Mental Health
Educated People Live Longer
The importance of education is known to all. This significance of education is further solidified by a report released by CDC which states that education not only improves a person's financial status but is also the key for a longer life.
According to the report, higher education inculcates a person with a better sense of health habits and hygiene, which leads to him or her to live a longer life. It was found that a person who graduate from high school lives approximately nine years more than a person who don't graduate.
"Highly educated people tend to have healthier behaviors, avoid unhealthy ones and have more access to medical care when they need it," explained Amy Bernstein, a health services researcher for the National Center for Health Statistics and lead author of the study, to USA Today. "All of these factors are associated with better health."
According to researchers, shorter life spans have been reported consistently for over a decade now. In 2010, it was reported that 31 percent people aged between 25 and 64 having a high school diploma or less were smokers while only 24 percent of the people who had a college degree smoked and a mere 9 percent of people with a graduate diploma were smokers.

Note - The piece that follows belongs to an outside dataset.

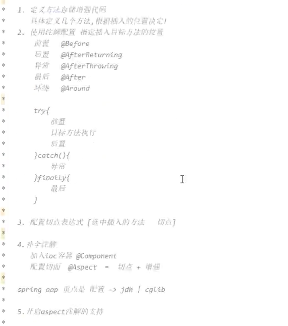 - 织入(Weaving):织入是将切面代码应用到目标对象的过程。织入可以在编译时、类加载时或运行时进行。

According to HealthDay, the benefits of a higher education differed between the two sexes. More than 25 percent of the women without a degree were obese. However, education didn't affect obesity when it came to men. Also, it was observed that higher education had a better effect on the life span of men than women. According to the reports highly educated men live nine years longer than other men, where as highly educated women live eight years longer than other women.
Lesser educated people are also in a poorer financial situation. Hence, more often than not, their living conditions are not very healthy. This is another reason why better educated people live longer. Bernstein says. "It's all interconnected."